I haven't done it myself, however it is one of my "I'll do it if I have time"-projects.
Thus I am still looking for an existing implementation :-P
Anyways some thoughts:
The applroach to use Visuals (i.e. Ellipses, Textblocks) is probably not a good Idea.
Just think of what has to happen if you want like 200x100 characters. Maybe even a backbuffer. Holding it all in memory + drawing it....it will be incredibly slow.
Therefore the better (or even right) approach is to "draw yourself". Since WPF is backbuffered and you don't want to display an arbitrary bitmap the most likly approach would be to create a new UserControl and override it's Paint-Method.
You ma prefer to derive from Control, but UserControl may have Content, so you can show something like a connection indicator icon inside.
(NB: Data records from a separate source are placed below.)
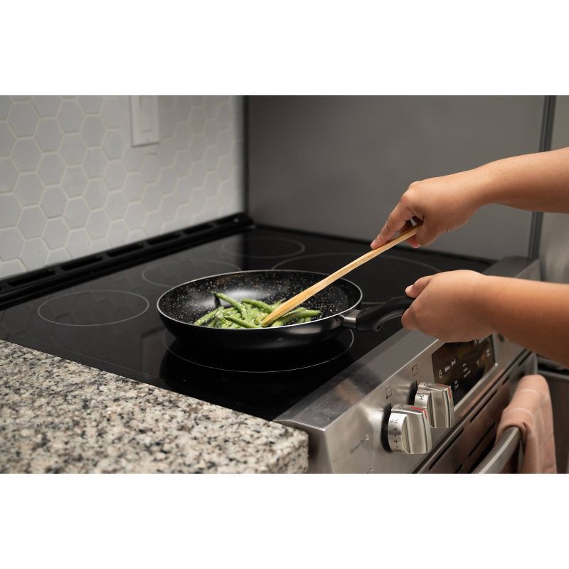 The IMUSA 10" Bistro Ceramic Fry Pan is an essential piece in every kitchen. This frypan is made of aluminum with an elegant black exterior and black-speckled ceramic interior, promoting healthier coo…
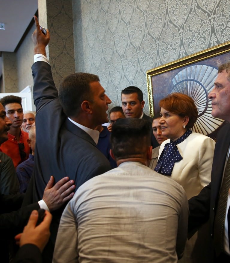 Salonda, Akşener'in konuşma yaptığı sırada bir grup, "Hareketin lideri Devlet Bahçeli" sloganı atarak protestoda bulundu.
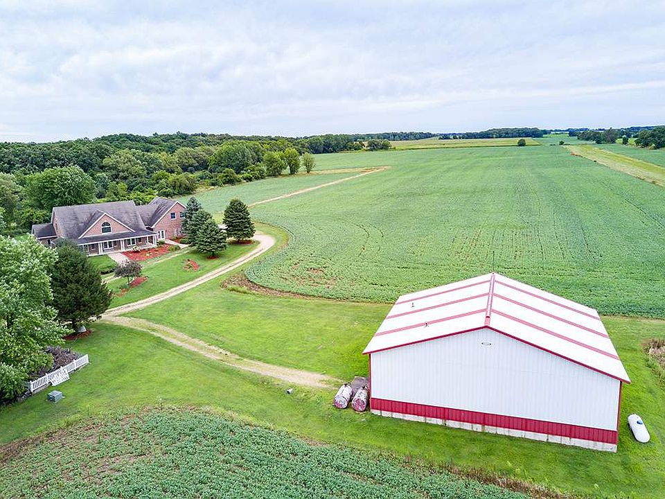Amazing 80 acre property zoned ag. with tillable acres. a FAA approved air strip, commercial grade hanger, pond and a beautiful brick home. Multiple suites 5 bedroom, 5 1/2 bath home. Gourmet kitchen with a walk-in pantry. Eat in kitchen area and a formal dining room. Deck off of master suite overlooks the pond. Laundry rooms (2) on main level and second level. In-law suite (840 sq ft of the above grade living space) above garage with the 5th bedroom, kitchen and full bath. Finished basement with bar. Very unique property with so much to offer!
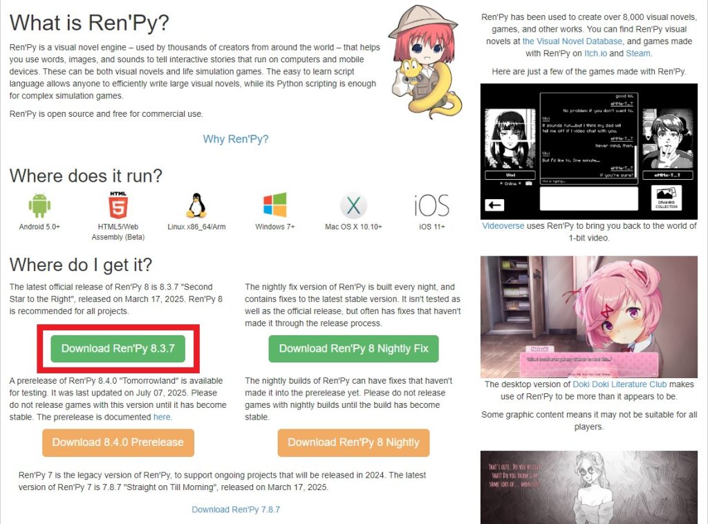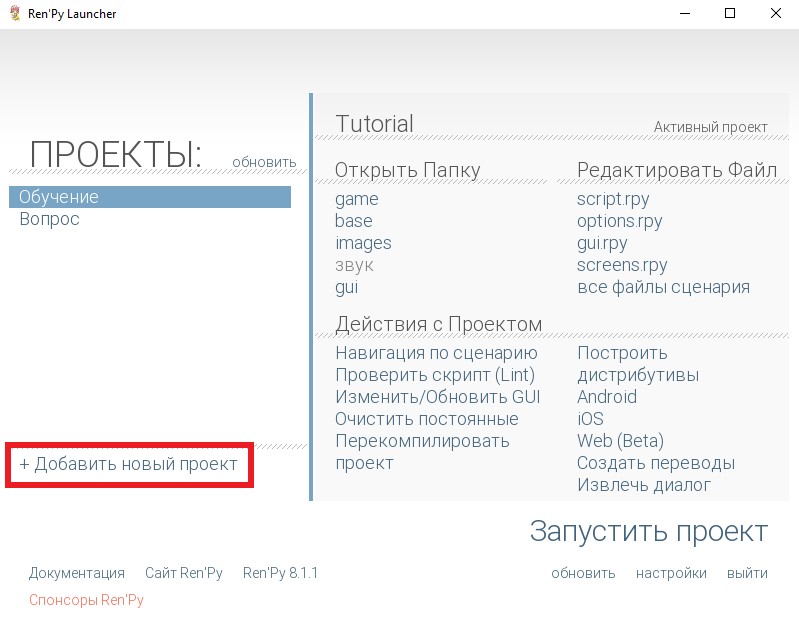Первым делом пользователю нужно установить сам Ren’py. Он абсолютно бесплатен и качается с официального сайта renpy.org (качать с других ресурсов не рекомендуется, поскольку никто тогда не гарантирует, что под видом полезного ПО вам не пропихнут какой-нибудь вирус или троян). Сам процесс установки ничем не отличается от большинства других программ – достаточно указать директорию, по желанию убрать/поставить галочку напротив пункта “Создать ярлык на рабочем столе” и нажать на старт.
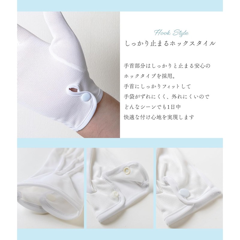 SANDAI Summer Sweat-Absorbent, Quick-Drying, Antibacterial, Deodorizing, Dressing Gloves, 1 Pair, 3 Pairs, Formal Gloves, With Hooks, White Hands, 3 pairs, S

Architecture-wise I'd suggest to create a dependecy property Buffer (ConsoleBuffer) that holds the console buffer-model. Another DP would hold the top-left positon Location (long). It determines where to start the display (while you have a look behind). The console model I would make a class that contains a char[] and a Color[] (one dimensional). Use line breaking and \n characters to make lines (because this is the character of a console). Then if you resize the control it will re-flow without the buffer needing to be re-allocated.
You can work with **ConsoleBuffer**s of different sizes (for a different number of look behind characters).
ConsoleBuffer.Write(string s) is your method to do stuff.
Maybe it is advisable to hold arrays of arrays char[][] to represent lines.... but that is up to finding out while programming.